3. Limbah Rumah Tangga


- Sampah, contohnya tinja, urine, sampah rumah tangga, sampah kota, dan limbah
dapur.
- Garbage diartikan sebagai limbah yang berasal dari tumbuhan hasil pemeliharaan dan
budi daya, dapur rumah tangga, pusat perbelanjaan pasar, dan restoran atau tempat
yang menjual masakan olahan.
- Rubbish mengandung berbagai limbah padat yang mudah terbakar yang berasal dari
rumah, pusat perbelanjaan, dan kantor.

2.3.2 Proses Pengomposan


Proses pengomposan akan segera berlangsung setelah bahan-bahan mentah dicampur.
Proses pengomposan secara sederhana sapat dibagi menjadi dua tahap, yaitu tahap aktif
dan tahap tahap pematangan. Selama tahap-tahap awal proses, oksigen dan senyawa-
senyawa yang mudah terdegradasi akan segera dimanfaatkan oleh mikroba mesofilik.
Suhu tumpukan kompos akan meningkat dengan cepat.
Demikian pula akan diikuti dengan peningkatan pH kompos. Suhu akan meningkat
hingga diatas 50o-70o C. Suhu akan tetap tinggi selama waktu tertentu. Mikroba yang
aktif pada kondisi ini adalah mikroba Termofilik, yaitu mikroba yang aktif pada suhu
tinggi. Pada saat ini terjadi dekomposisi/penguraian bahan organik yang sangat aktif.
Mikroba-mikroba dalam kompos dengan menggunakan oksigen akan menguraikan bahan
organik menjadi CO2, uap air dan panas. Setelah sebagian besar bahan telah terurai, maka
suhu akan berangsur-angsur mengalami penurunan. Pada saat in terjadi pematangan
kompos tingkat lanjut, yaitu pembentukan komplek liat humus. Selama proses
pengomposan akan terjadi penyusutan volume maupun biomassa bahan. Pengurangan in
dapat mencapai 30-40% dari volume/bobot awal bahan.

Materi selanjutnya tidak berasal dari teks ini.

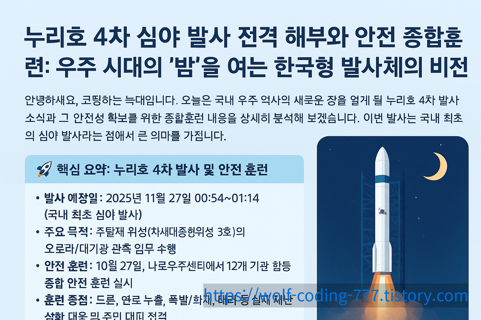 안녕하세요, 코딩하는 늑대입니다. 오늘은 국내 우주 역사의 새로운 장을 열게 될 누리호 4차 발사 소식과 그 안전성 확보를 위한 종합훈련 내용을 상세히 분석해 보겠습니다. 이번 발사는 국내 최초의 심야 발사라는 점에서 큰 의미를 가집니다.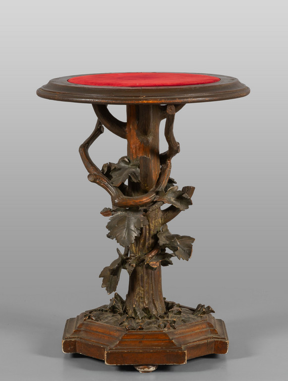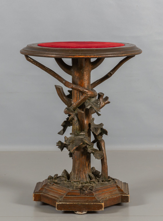 Tavolino da centro in legno intagliato e laccato fusto a forma di tronco con foglie sec.XIX

Proses pengomposan dapat terjadi secara aerobik (menggunakan oksigen) atau


anaerobik (tidak ada oksigen). Proses yang dijelaskan sebelumnya adalah proses aerobik,
di mana mikroba menggunakan oksigen dalam proses dekomposisi bahan organik.
Proses dekomposisi dapat juga terjadi tanpa menggunakan oksigen yang disebut proses

7
anaerobik. Namun, proses ini tidak diinginkan, karena selama proses pengomposan akan
dihasilkan bau yang tidak sedap. Proses anaerobik akan menghasilkan senyawa-senyawa
yang berbau tidak sedap, seperti: asam-asam organik (asam asetat, asam butirat, asam
valerat, puttrecine), amonia, dan H2S.

2.3.3 Faktor yang Mempengaruhi Proses pengomposan


Faktor yang mempengaruhi proses pengomposan antara lain :
1. Rasio C/N
Rasio C/N yang efektif untuk proses pengomposan berkisar antara 30:1 hingga 40:1.
Mikroba memecah senyawa C sebagai sumber energy dan menggunakan N untuk
sintetis protein. Pada rasio C/N di antara 30 s/d 40 mikroba mendapatkan cukup C
untuk energi dan N untuk sintesis protein. Apabila rasio C/N terlalu tinggi, mikroba
akan kekurangan N untuk sintesis protein sehingga dekomposisi berjalan lambat.

2. Ukuran Partikel
Aktivitas mikroba berada diantara permukaan area dan udara. Permukaan area yang
lebih luas akan meningkatkan kontak antara mikroba dengan bahan dan proses
dekomposisi akan berjalan lebih cepat. Ukuran partikel juga menentukan besarnya
ruang antar bahan (porositas). Untuk meningkatkan luas permukaan dapat dilakukan
dengan memperkecil ukuran partikel bahan tersebut.

3. Aerasi
Pengomposan yang cepat dapat terjadi dalam kondisi yang cukup oksigen (aerob).
Aerasi secara alami akan terjadi pada saat terjadi pengingkatan suhu yang
menyebabkan udara hangat keluar dan udara yang lebih dingin masuk ke dalam
tumpukan kompos. Aerasi ditentukan oleh porositas dan kandungan air bahan
(kelembaban). Apabila aerasi terhambat, maka akan terjadi proses anaerob yang akan
menghasilkan bau yang tidak sedap. Aerasi dapat ditingkatkan dengan melakukan
pembalikan atau mengalirkan udara di dalam tumpukan kompos.

4. Porositas
Porositas adalah ruang diantara partikel di dalam tumpukan kompos. Porositas
dihitung dengan mengukur volume rongga dibagi dengan volume total. Rongga-rongga

8
ini akan diisi oleh air dan udara. Udara akan mensuplai oksigen untuk proses
pengomposan. Apabila rongga dijenuhi oleh air, maka pasokan oksigen akan berkurang
dan proses pengomposan juga akan terganggu.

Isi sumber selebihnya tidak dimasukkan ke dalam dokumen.